The symbol $a^x$ can have several meanings:

• As the exponent: it is a function of $a$ and $x$ is an interger parameter. In this scenario, $a^x$ is understood as the result of multiplying $a$ by $x$ times if $x\geq 0$ i.e. $a^x = \prod_{i = 1}^{x}a$, or $\frac{1}{a^{-x}}$ when $x < 0$. Notable usage includes polynomials, the Taylor expansions,... This function only has an inverse for odd $x$ because for even $x$ we have $a^x = (-a)^x$. The inverse is known as the $x$-th root. For even $x$ one may choose the positive solution depending on the domain of $x$, known as the principal root. Notable usage includes Pythagorean theorems, length, norms, many physical quantities...
• As the power function: it is a function of $x$ and $a$ is a positive real parameter, known as the base. In this scenario, $a^x$ is either understood as either the rational power $a^{m/n} = \root n \of{a^m}$ where $x = m/n$ is a rational number, and $\root n \of{x}$ stands for the $n$-th principle root of $x$; or the limit $\displaystyle \lim_{r\rightarrow x} a^r$ where $r$ is rational. Notable usage includes the exponential function $e^x$, $p$-norm,... This function is reversible for all positive $a$ because $\forall x \neq 0 ,\forall a>0, a^x \neq 1$ therefore $\forall x,y, \forall a > 0, x\neq y \Rightarrow a^x \neq a^y$. The inverse is called the logarithm i.e. $x = \log_a y$ if $a > 0$ and $a^x = y$.
• As the exponentiation: in this case it is considered as a function of both of $a$ and $x$ and we try to combine the two functions above. However the domain of this function is complicated and can lead to disagreement, for example, on whether $0^0$ is defined. This function does not have an inverse.

In the complex number field things are more complicated.

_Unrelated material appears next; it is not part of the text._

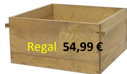
Regal 54,99 €
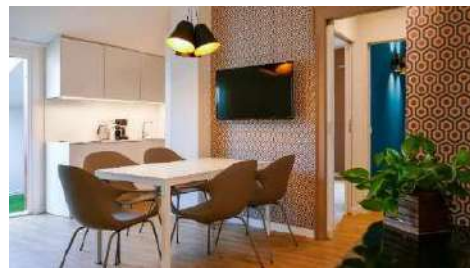
Ristrutturazione appartamenti privati Lazise, 2017 e 2020/21

Generally for a number $c$ and an integer $n$ there always exist $n$ distinct complex numbers $z$ such that $c = z^n$. Both the exponent and the exponentation are not bijective in any case because $x^n = (\zeta x)^n$ where $\zeta$ is an $n$-th primitive root of unity and $a^x = a^{x+i2\pi/\ln a}$ where $\ln a$ is the real natural logarithm of $a$. (using the extension of $e^x$ to $x\in \mathbb{C}$)

Answer 4

It really boils down to what function you are talking about.

If we are talking about (like you said) $f(x) = a^x$ then the inverse function, $f^{-1}(x)$, is equal to $\log_a(x)$. But, if we are talking $g(x) = x^a$, then the inverse of that, $g^{-1}(x)$, is equal to $x^{1/a} = \sqrt[a]{x}$. In other words, taking a root is absolutely an inverse function too.

Part of the point here is that $x^y$, when you think of it as a function of two variables, behaves very differently than $xy$. The product is commutative and associative, so it's not too sloppy to talk about "the inverse of multiplication". But the two functions that I called $f(x)$ and $g(x)$ above have very different properties.

And because of that, they have different names. $\exp(x) = e^x$ is called the exponential function, and its inverse is the natural logarithm. And exponentials in general are functions where the variable is in the exponent.

Meanwhile, when we talk about raising the variable to a fixed power, we call that a power function. Power functions aren't always invertible, but, when they are, the inverse is a root, just like you were thinking.

So the key mathematical part is that $x^y$ is different from $y^x$. That means that you get different functions when you plug a constant into one variable or the other, and that means that there is a terminological difference that can be confusing.